É TEMPO DE RESISTÊNCIA - Que fatores são mais importantes para a defesa de uma luta? CRISTIANE - Melhor pergunta que já me fizeram... mas eu não sei responder. Sei que há coisas que não podem deixar de existir: a desnaturalização e consciência da dor vivida no sofrimento de quem sofre, há quem chame de os “sujeitos” da luta, porque as causas não são apenas projetos, são expressões de sofrimentos e revoltas e vontade de justiça e reparação. Bem ou mal, os sujeitos não resolvem as causas sozinhos, há que se ter, também, outros que tenham consciência das injustiças. E todo mundo tem que ter disposição, porque, além das causas serem um universo em si, não são círculos ou quadrados fechados. O que parece, para mim, pela experiência, é que, apesar da fragmentação, justificáveis pelas especialidades, não existem fronteiras absolutas entre as causas em seus elementos constitutivos, as encruzilhadas dos sujeitos são assunto que ainda precisa de muito aprofundamento e algo mais que ultrapasse a ideia de solidariedade entre sujeitos, mas novas estruturas de ver, sentir e atuar no mundo. Além dessa filosofia, tem-se muito trabalho intelectual e braçal, muita capacidade de entender o contexto e se situar para o agora e o depois; para o imediato e o estrutural.

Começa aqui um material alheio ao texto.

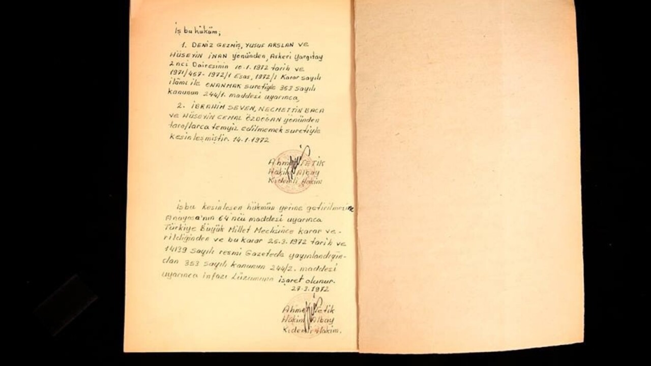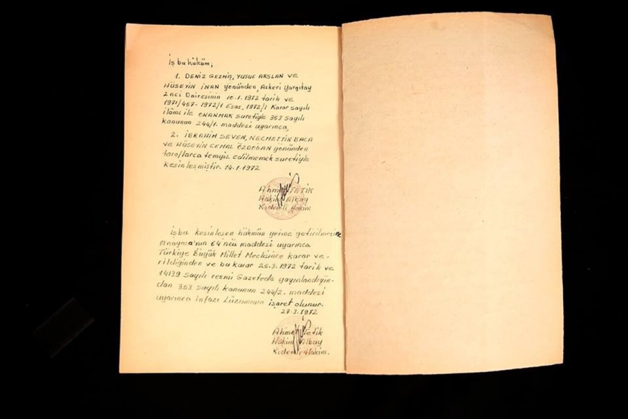 İstanbul’da bulunan bir müzayede şirketi, Deniz Gezmiş, Yusuf Aslan ve Hüseyin İnan’ın kesinleşmiş idam hükmünün ıslak imzalı orijinal evrakını açık artırmaya çıkardı.

É TEMPO DE RESISTÊNCIA - Enfrentamos um ano de pandemia, de negação de direitos e de um governo que se retroalimenta do cenário de calamidade. Nesse contexto, o que precisamos destacar no 8M deste ano e de outros que estão por vir? CRISTIANE - O que precisa ser destacado nesse 8 de março é como a política genocida de Bolsonaro sobrecarrega e mata as mulheres.
É TEMPO DE RESISTÊNCIA - Como você avalia a participação de mulheres em movimentos de defesa de direitos e garantias? CRISTIANE - Sem as mulheres, nada disso que fizemos, fazemos e faremos, aconteceria. Com ou sem protagonismo, com ou sem posição feminista, como intelectuais ou “operárias” dos movimentos, das organizações e dos partidos de esquerda, são as mulheres que fazem a roda girar, porque em grande parte estamos construindo o pensamento social crítico e engajadas em tarefas infinitas, mesmo as que não estão convencidas do feminismo.
É TEMPO DE RESISTÊNCIA - E para as que não estão inseridas, como convidá-las a participar desses movimentos? CRISTIANE - Precisamos aprender a falar com elas. E precisamos saber que muitas que não vêm experimentam lutas e lutas diárias para melhorar sua própria vida, de sua família e de sua comunidade, numa espécie de militância implacável, no mais das vezes solitárias ou com as outras mulheres de suas vidas. Por exemplo, para mulheres negras e trans, as lutas são tão constantes que independente de níveis de politização ou organização, lá estamos nós na lida pela sobrevivência e com um considerável conjunto de suspeições sobre a verdade sobre as violências.